## WHAT TO WORK ON
From the entries that follow, copy exactly the lines beginning at the line holding "Gıda Fiyatları Artışı" and continuing through the line holding "Le pont vu depuis Khronos".

[Data records]
§ §

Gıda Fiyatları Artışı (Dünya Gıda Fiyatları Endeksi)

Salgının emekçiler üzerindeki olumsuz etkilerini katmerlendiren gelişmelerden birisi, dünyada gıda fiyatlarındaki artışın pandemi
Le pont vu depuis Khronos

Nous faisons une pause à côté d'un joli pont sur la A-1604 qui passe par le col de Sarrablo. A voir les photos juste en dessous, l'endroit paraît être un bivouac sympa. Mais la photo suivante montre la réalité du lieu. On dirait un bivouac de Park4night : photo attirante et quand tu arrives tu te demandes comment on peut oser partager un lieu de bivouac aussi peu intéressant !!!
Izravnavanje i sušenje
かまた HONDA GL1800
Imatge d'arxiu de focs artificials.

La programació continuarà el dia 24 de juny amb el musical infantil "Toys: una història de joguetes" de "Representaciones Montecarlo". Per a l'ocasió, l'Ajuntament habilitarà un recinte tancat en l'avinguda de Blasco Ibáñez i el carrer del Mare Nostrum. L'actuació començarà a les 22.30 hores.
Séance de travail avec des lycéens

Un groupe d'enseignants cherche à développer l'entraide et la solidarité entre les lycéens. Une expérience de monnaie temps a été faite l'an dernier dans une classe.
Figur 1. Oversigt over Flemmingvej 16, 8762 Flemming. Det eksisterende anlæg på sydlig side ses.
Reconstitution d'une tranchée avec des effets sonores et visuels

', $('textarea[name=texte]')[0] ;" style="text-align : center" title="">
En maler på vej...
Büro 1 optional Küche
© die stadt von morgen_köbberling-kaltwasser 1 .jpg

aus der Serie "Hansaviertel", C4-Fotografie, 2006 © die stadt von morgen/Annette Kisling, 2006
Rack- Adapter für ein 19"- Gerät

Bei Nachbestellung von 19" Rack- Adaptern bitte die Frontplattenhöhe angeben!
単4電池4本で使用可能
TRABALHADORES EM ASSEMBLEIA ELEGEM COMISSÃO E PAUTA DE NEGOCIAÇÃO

§ §

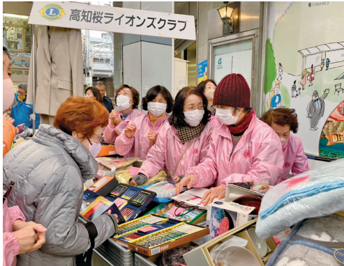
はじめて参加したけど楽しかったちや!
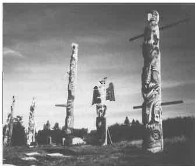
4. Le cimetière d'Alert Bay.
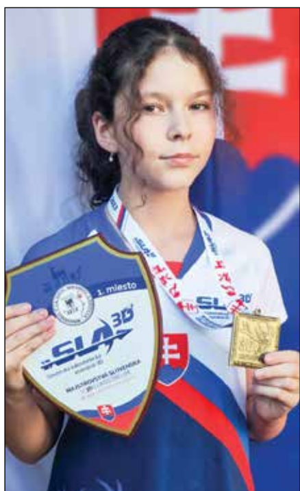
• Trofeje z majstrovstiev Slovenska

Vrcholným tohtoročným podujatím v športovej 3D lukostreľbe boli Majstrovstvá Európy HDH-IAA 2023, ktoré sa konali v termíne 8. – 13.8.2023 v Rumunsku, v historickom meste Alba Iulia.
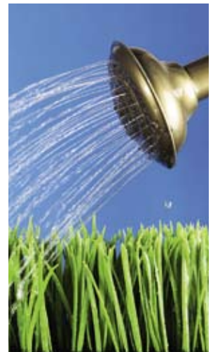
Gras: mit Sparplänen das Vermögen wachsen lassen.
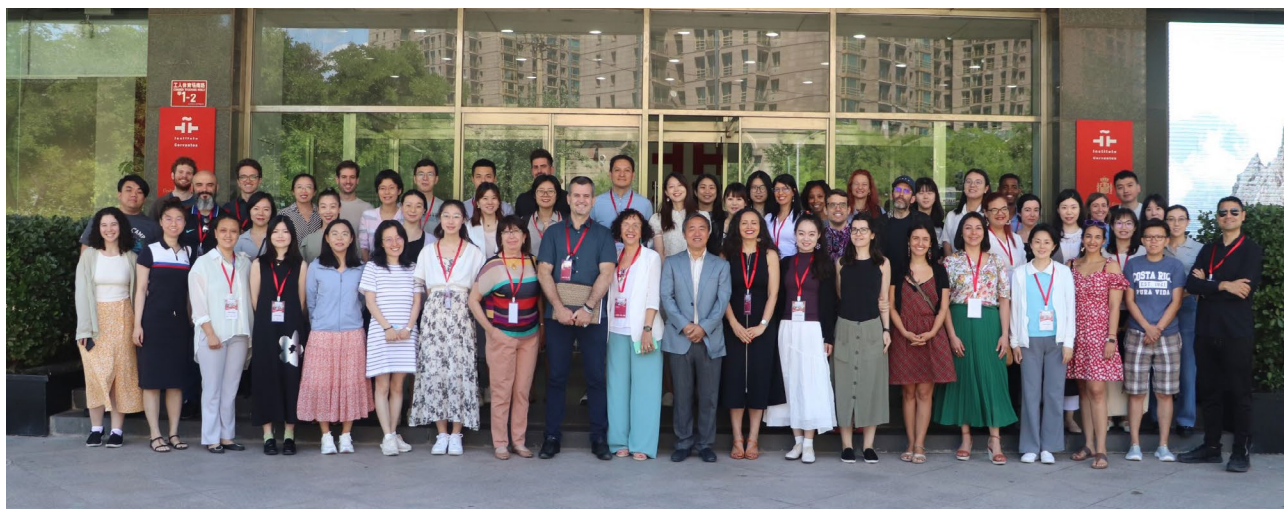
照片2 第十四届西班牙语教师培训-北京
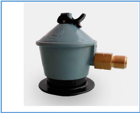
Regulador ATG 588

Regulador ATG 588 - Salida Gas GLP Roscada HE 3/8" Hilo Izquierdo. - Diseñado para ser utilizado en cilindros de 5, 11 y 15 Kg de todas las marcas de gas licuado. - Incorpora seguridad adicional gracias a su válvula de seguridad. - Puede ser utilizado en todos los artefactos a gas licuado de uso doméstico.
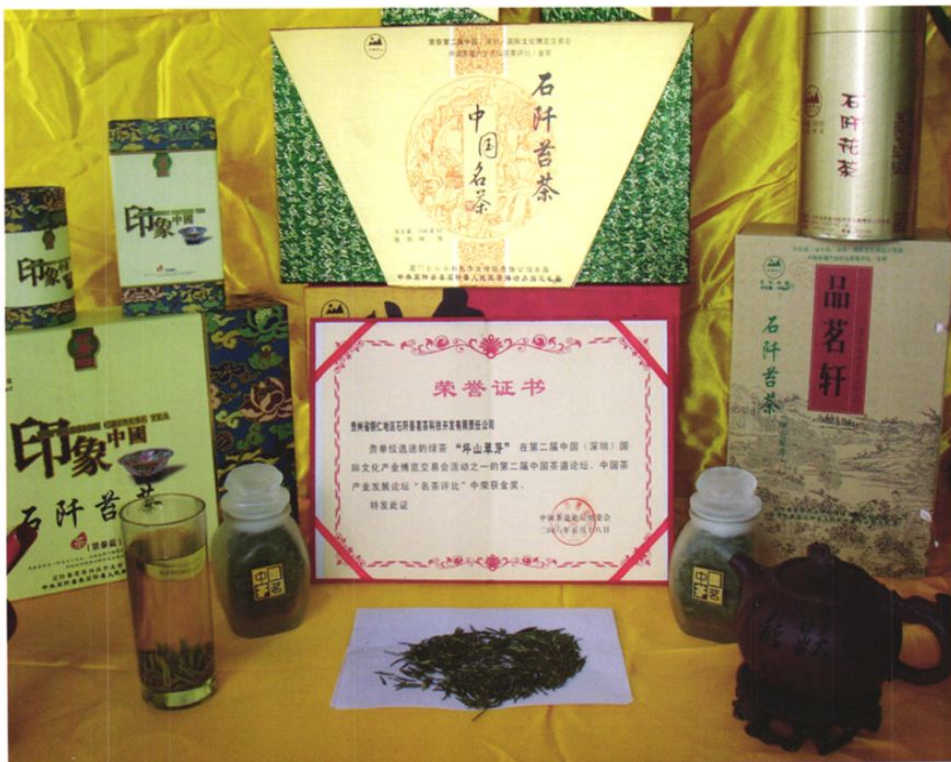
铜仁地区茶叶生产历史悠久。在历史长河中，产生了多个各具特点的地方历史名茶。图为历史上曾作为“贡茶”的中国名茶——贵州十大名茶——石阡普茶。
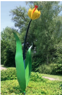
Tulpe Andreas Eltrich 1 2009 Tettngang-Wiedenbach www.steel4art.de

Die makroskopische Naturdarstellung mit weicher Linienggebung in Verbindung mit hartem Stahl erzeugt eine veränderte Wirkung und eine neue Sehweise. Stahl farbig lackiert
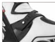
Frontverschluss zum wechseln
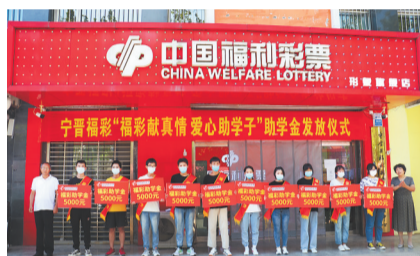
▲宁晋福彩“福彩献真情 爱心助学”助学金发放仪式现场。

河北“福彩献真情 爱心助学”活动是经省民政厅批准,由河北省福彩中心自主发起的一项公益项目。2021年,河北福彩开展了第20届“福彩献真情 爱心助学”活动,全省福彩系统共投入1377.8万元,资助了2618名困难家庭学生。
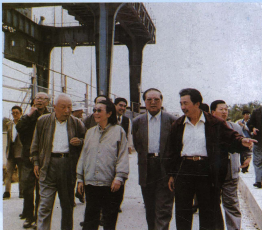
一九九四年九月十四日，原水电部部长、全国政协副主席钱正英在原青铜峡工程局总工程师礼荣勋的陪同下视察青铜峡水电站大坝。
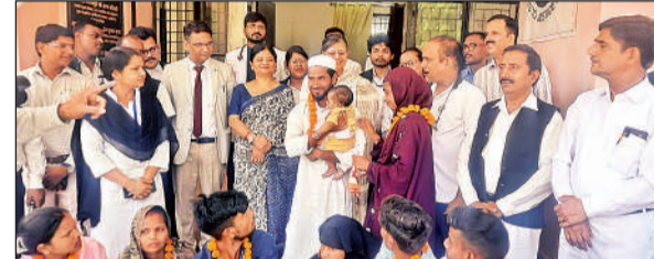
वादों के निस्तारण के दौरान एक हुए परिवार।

§ §

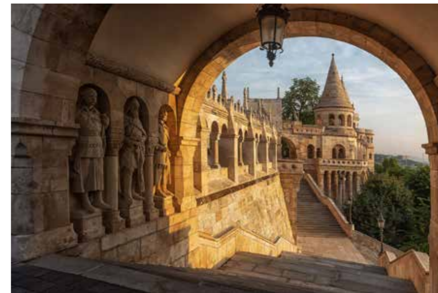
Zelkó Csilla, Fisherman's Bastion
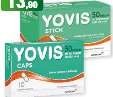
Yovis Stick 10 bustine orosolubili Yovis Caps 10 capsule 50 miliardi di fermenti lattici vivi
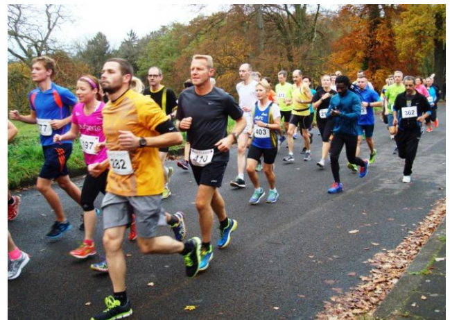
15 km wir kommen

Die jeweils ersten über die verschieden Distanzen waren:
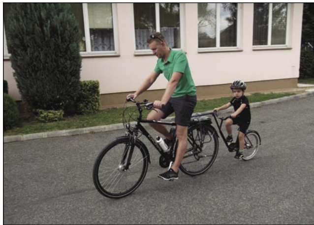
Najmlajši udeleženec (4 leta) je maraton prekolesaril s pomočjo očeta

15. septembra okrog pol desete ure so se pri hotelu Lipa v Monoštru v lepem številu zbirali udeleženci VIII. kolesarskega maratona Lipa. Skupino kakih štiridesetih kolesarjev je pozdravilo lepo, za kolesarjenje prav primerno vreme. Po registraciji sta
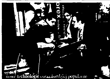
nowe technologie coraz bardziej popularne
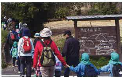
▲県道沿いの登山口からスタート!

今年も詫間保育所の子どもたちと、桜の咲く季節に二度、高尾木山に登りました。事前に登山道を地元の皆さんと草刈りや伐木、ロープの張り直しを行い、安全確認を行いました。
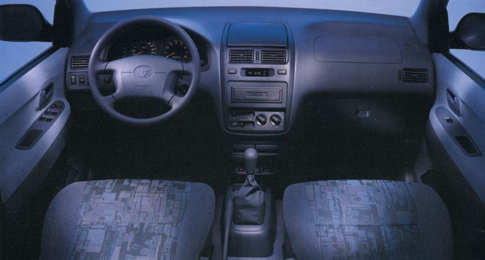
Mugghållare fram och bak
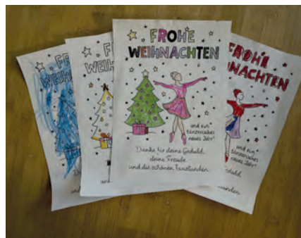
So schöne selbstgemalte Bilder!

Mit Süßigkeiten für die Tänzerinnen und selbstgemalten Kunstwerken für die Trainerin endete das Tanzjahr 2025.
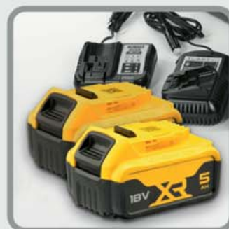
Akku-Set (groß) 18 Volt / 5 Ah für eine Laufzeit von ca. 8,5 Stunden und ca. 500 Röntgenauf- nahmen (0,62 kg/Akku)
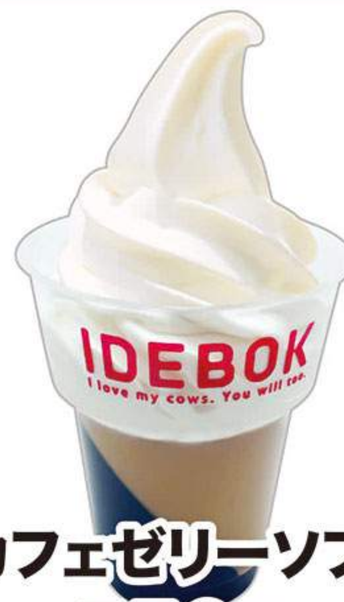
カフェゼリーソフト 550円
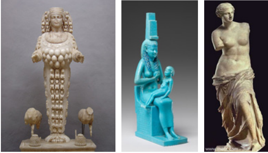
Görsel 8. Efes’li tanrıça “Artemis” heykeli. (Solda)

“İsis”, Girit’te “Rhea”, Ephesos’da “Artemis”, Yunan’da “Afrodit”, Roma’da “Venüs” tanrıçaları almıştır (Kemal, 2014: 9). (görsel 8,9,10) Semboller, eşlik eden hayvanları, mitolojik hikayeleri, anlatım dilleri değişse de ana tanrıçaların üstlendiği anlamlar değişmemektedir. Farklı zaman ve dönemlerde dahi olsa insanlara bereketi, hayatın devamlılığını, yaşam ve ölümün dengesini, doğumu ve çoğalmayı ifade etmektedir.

§ §

## RESULT
Gıda Fiyatları Artışı (Dünya Gıda Fiyatları Endeksi)

Salgının emekçiler üzerindeki olumsuz etkilerini katmerlendiren gelişmelerden birisi, dünyada gıda fiyatlarındaki artışın pandemi
Le pont vu depuis Khronos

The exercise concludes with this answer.